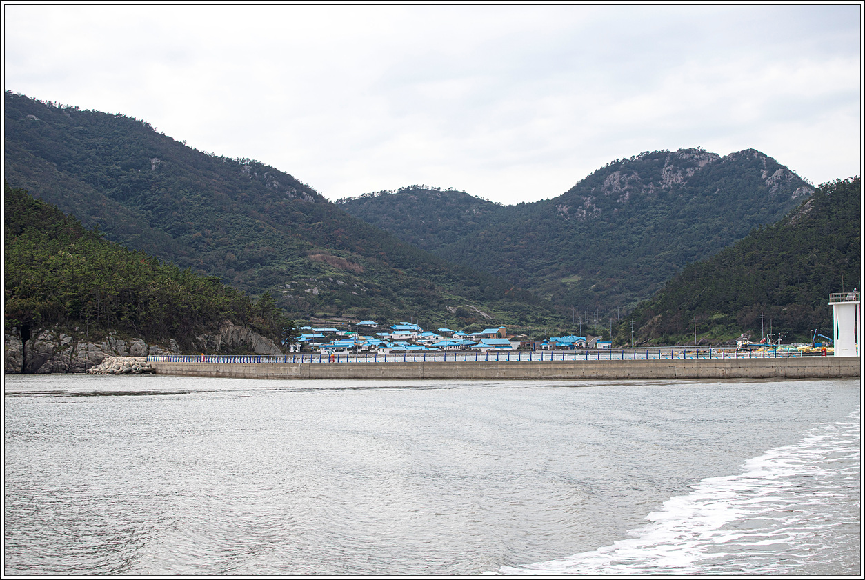 ▽ 드디어 우이도항(진리항)에 잠시 기착[寄着]을 했다가 출발하는 가운데 담아 본 풍경으로 비금도에서 봤던 파란색의 지붕이 이곳에서도 여일하다. 이곳에서 하선하여 홀로 상산봉을 올랐다가 민박집으로 넘어갈까 순간적으로 고민했다. 왜냐하면 이곳에서 서소이도, 동소이도를 거쳐 돈목선착장까지 가는 시간이면 많은 거리를 걸을 수가 있는데 반바퀴 돌아 목적지인 돈목선착장까지 가서 민박집에 짐을 풀고 상산봉에 16:00경에 오른다면 시간적 여유가 없을 것 같다는 판단이다. 또한 역사적 인물인 정약전 적거지 및 문순득 생가터 등을 못 본다는 아쉬움 때문인데 결국 개인행동 하기가 부담되어 포기하고 말았다.
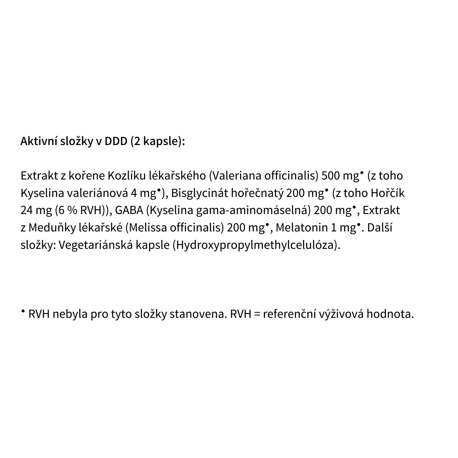 Aktivní látky: Extrakt z kořene Valeriány, Magnesium, GABA, Extrakt z Meduňky lékařské, Melatonin.
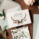 Folhagem russa, floral e escente de escadas, detalhes do casamento, cartão de cerimônia. Com uma bela folhagem de aquarela, florais brancos, fatia de madeira e escrevendo manual de roteiros. Este convite moderno certamente define o estilo para a sua próxima festa.
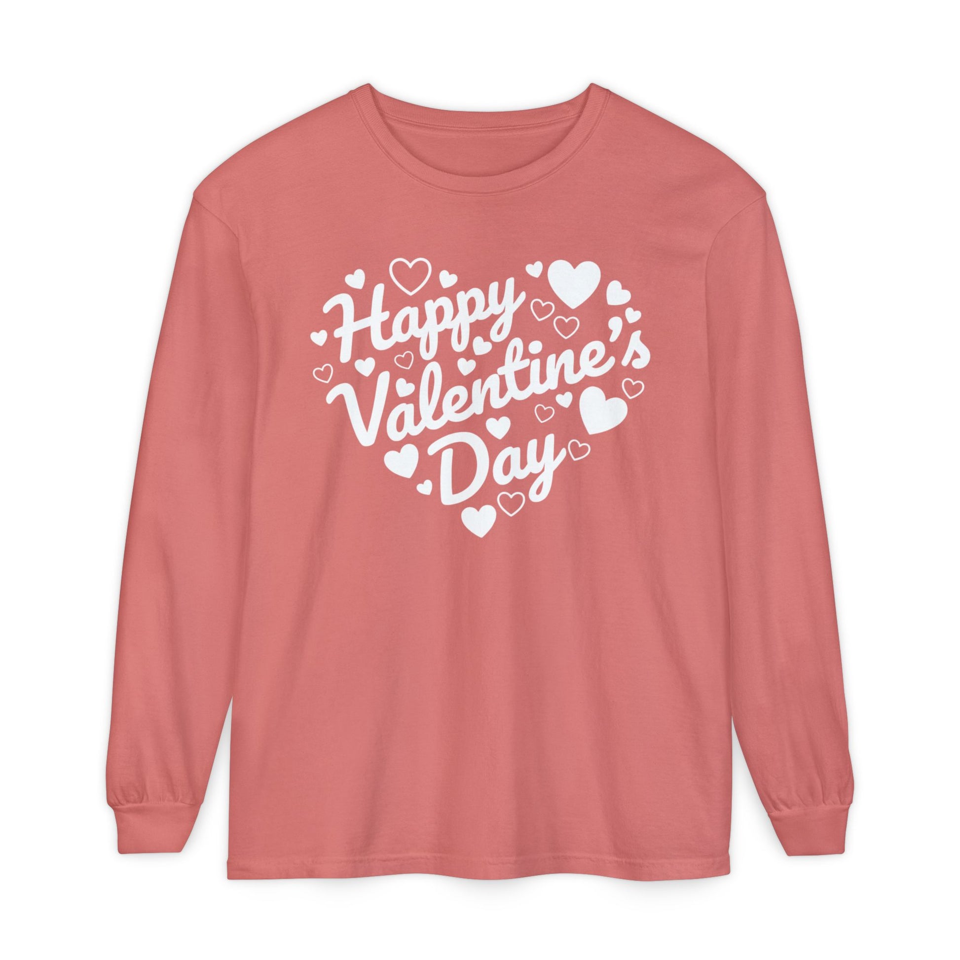 Soft, lived-in comfort meets sweet Valentine charm in this long sleeve tee. Made from garment-dyed ring-spun cotton, this Comfort Colors shirt has that perfectly broken-in feel you love from the very first wear. The hand-lettered “Happy Valentine’s Day” design is arranged in a heart shape and surrounded by playful little hearts, giving it a warm, festive feel without being over the top.

Assignment: Find the line containing "Folhagem russa, floral" in the listing above. Restate it and every line after it, word for word, through the final line, leaving out the pictures.

Written solution:
 Folhagem russa, floral e escente de escadas, detalhes do casamento, cartão de cerimônia. Com uma bela folhagem de aquarela, florais brancos, fatia de madeira e escrevendo manual de roteiros. Este convite moderno certamente define o estilo para a sua próxima festa.
 Soft, lived-in comfort meets sweet Valentine charm in this long sleeve tee. Made from garment-dyed ring-spun cotton, this Comfort Colors shirt has that perfectly broken-in feel you love from the very first wear. The hand-lettered “Happy Valentine’s Day” design is arranged in a heart shape and surrounded by playful little hearts, giving it a warm, festive feel without being over the top.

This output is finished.